Exercise objective:
Pictures do not belong in the copy. Write out exactly the lines from the one containing "Beżowa Szydełkowa Bluzka" through the end of the data.
****************************************
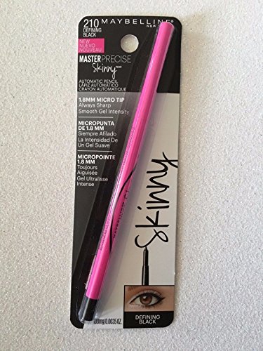 -. Binding : Misc. -. Brand : Maybelline New York -. EAN : 0884653806079 -. Feature : This twist-up automatic gel eye pencil features a micro tip for sharp, precise application. Effortlessly glides on to create long-lasting waterproof definition for up to 24 hours of wear. / One smooth stroke to chic. / This waterproof automatic gel eye pencil features a 1.8mm micro tip for precise application. / Effortlessly glides on smooth for up to 24 hours of wear. -. IsAdultProduct : 0 -. Label : Eyeliner by Maybelline -. Manufacturer : Eyeliner by Maybelline -. MPN : AB-130568 -. PackageQuantity : 1 -. PartNumber : AB-130568 -. ProductGroup : Beauty -. ProductTypeName : BEAUTY -. Publisher : Eyeliner by Maybelline -. Studio : Eyeliner by Maybelline -. Title : Master Precise Skinny Automatic Pencil – 210 Defining Black by Maybelline -. UPC : 884653806079
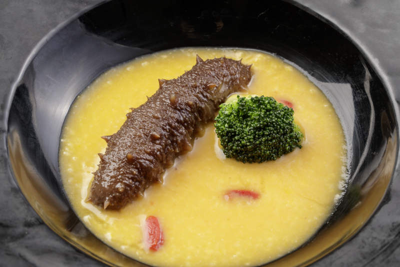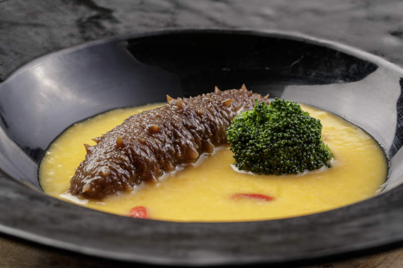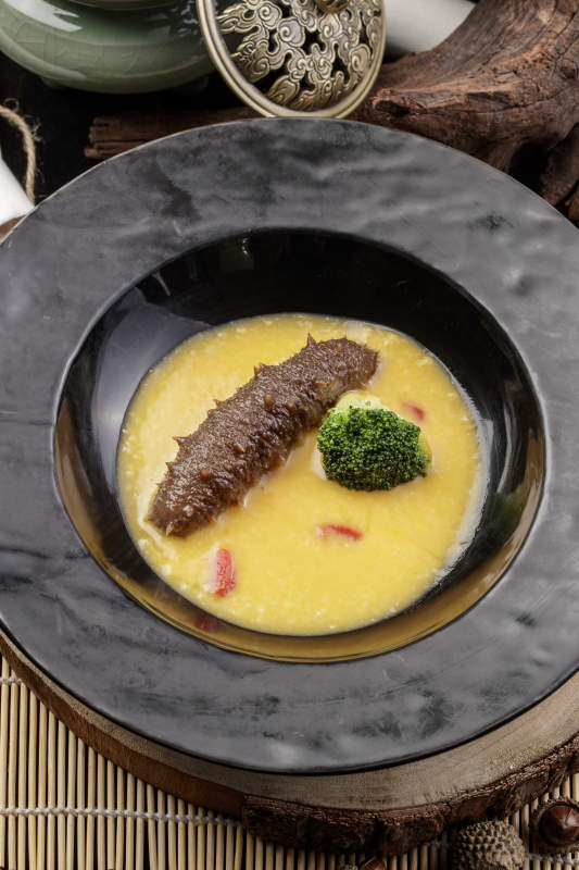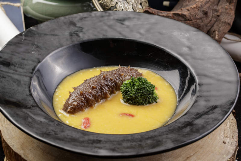 小米扣辽参摆放在樟木砧板上
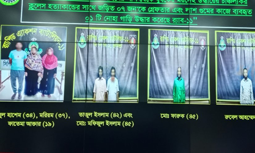 তিনি আরও বলেন, র্যাব ১১ সুনির্দিষ্ট তথ্যের ভিত্তিতে সোমবার কুমিল্লা জেলার দেবিদ্বার ও লাকসাম থানা এবং ঢাকা জেলার যাত্রাবাড়ি থানা এলাকায় পৃথক অভিযান চালায়। এ সময় চাঞ্চল্যকর এই হত্যাকাণ্ডের সঙ্গে জড়িত সাতজনকে গ্রেফতার এবং লাশ গুমের কাজে একটি নোহা গাড়ি উদ্ধার করে।
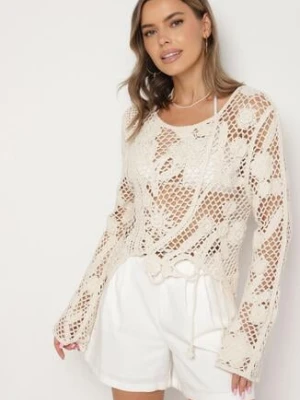Beżowa Szydełkowa Bluzka z Krótkim Rękawem Anasosine rosa
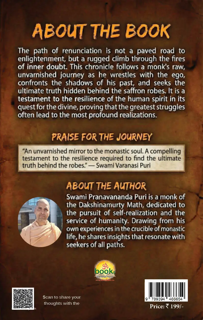 ଏହା କୌଣସି ଜୀବନୀ ନୁହେଁ । ଏହା ଏକ ସାମୂହିକ ସତ୍ୟ —ଏକ ଦର୍ପଣ ଯାହା ସନ୍ନ୍ୟାସ ପଥରେ ଚାଲିବାକୁ ସାହସ କରିଥିବା ପ୍ରତ୍ୟେକ ନିଷ୍ଠାବାନ ସାଧକର ପରୀକ୍ଷାକୁ ପ୍ରତିଫଳିତ କରେ ।
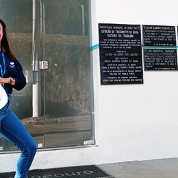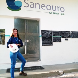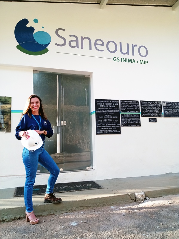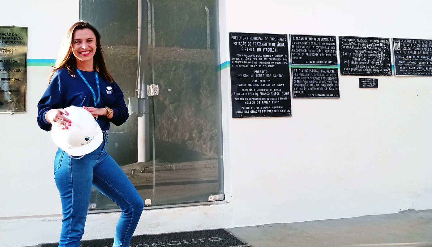 Meu primeiro contato com a área de saneamento foi no estágio. Eu fiz um estágio em Mariana, por volta de um ano e meio mais ou menos. Em seguida, eu me formei e comecei a trabalhar no Serviço Municipal de Água e Esgoto [Semae] aqui de Ouro Preto. Já tem cinco anos que atuo como profissional engenheira ambiental.
****************************************
Solution to the problem:
Beżowa Szydełkowa Bluzka z Krótkim Rękawem Anasosine rosa
 ଏହା କୌଣସି ଜୀବନୀ ନୁହେଁ । ଏହା ଏକ ସାମୂହିକ ସତ୍ୟ —ଏକ ଦର୍ପଣ ଯାହା ସନ୍ନ୍ୟାସ ପଥରେ ଚାଲିବାକୁ ସାହସ କରିଥିବା ପ୍ରତ୍ୟେକ ନିଷ୍ଠାବାନ ସାଧକର ପରୀକ୍ଷାକୁ ପ୍ରତିଫଳିତ କରେ ।
 Meu primeiro contato com a área de saneamento foi no estágio. Eu fiz um estágio em Mariana, por volta de um ano e meio mais ou menos. Em seguida, eu me formei e comecei a trabalhar no Serviço Municipal de Água e Esgoto [Semae] aqui de Ouro Preto. Já tem cinco anos que atuo como profissional engenheira ambiental.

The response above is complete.